——同期には山田孝之、宮崎あおい、蒼井優と、錚々(そうそう)たる顔ぶれが並ぶ。売れない間、売れっ子の彼らや魅力あるアーティストたちを見続けた。

松本:私の友達はすぐにスターになったんです。スタートはみんなそれほど変わらないのに、私だけが売れなかった。何が違うんだろう? と思いましたが、違いは明白でした。演技力だったり人間力だったり。仕事がほとんどない間、ずっと彼らを見てきました。そのうち、演技がうまいことよりも人間性がいかに魅力的かが大切だと気づいたんです。人間力があればおのずと演技力もついてくる。人間としての中身がしっかりしているなら、演技はいかようにも自由にできる。そのほうがすごく自由ではないか。私は存在しているだけで説得力があるような俳優になりたかった。どうしたら自分に自信を持てるか、どんな人間になりたいかを学んできた20年だったと思います。

■心でつながりたい

——20年、友達と遊んでいても心から笑ったことがなかった。心には売れない自分をなんとかしなければという思いばかり。人間力を磨こうと25歳で一念発起して1年間英国へ留学したが、ただ真面目に勉強した。「未熟な私には遊ぶ資格がない」と自分を縛り付けていた。だから面白みのない人間になっていたと気がついたのは、帰国後しばらく経ってからだ。

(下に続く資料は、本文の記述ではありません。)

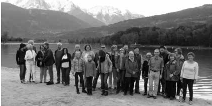
Am Lac de Passy, 2016

Wir freuen uns auf Ihre Anmeldung und laden Sie herzlich ein, sich an der Reise zu beteiligen!

松本:今ようやく自立できてきて、私は本当の意味でこれから笑ったり遊んだりしていくんだろうと思っています。旅行でも「楽しい」という感覚の中で見るものは、すごく美しいはず。真面目に生き過ぎると、感性が心に入る余裕がないんですよね。

 心の底から笑いたい。何か楽しいことをしたい、遊びたい。遊びこそ人生に豊かさをもたらしてくれるとすごく感じています。もっと人と心でつながりたいですし、コミュニケーションを取りたい。そういう気持ちになれた今は、私自身がすごく変わるときなのかもしれません。